■ Problem to solve ■
Below are several entries. Transcribe exactly those lines that fall from the one with "同時(shí),這種布局也在" through the one with "Vuren enkele dichte", end lines included.

■ Source data ■

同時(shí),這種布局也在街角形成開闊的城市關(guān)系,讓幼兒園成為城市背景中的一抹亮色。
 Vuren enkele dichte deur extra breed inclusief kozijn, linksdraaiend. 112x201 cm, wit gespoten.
--
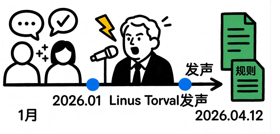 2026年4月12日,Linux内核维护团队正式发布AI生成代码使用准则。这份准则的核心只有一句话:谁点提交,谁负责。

■ Solution ■
同時(shí),這種布局也在街角形成開闊的城市關(guān)系,讓幼兒園成為城市背景中的一抹亮色。
 Vuren enkele dichte deur extra breed inclusief kozijn, linksdraaiend. 112x201 cm, wit gespoten.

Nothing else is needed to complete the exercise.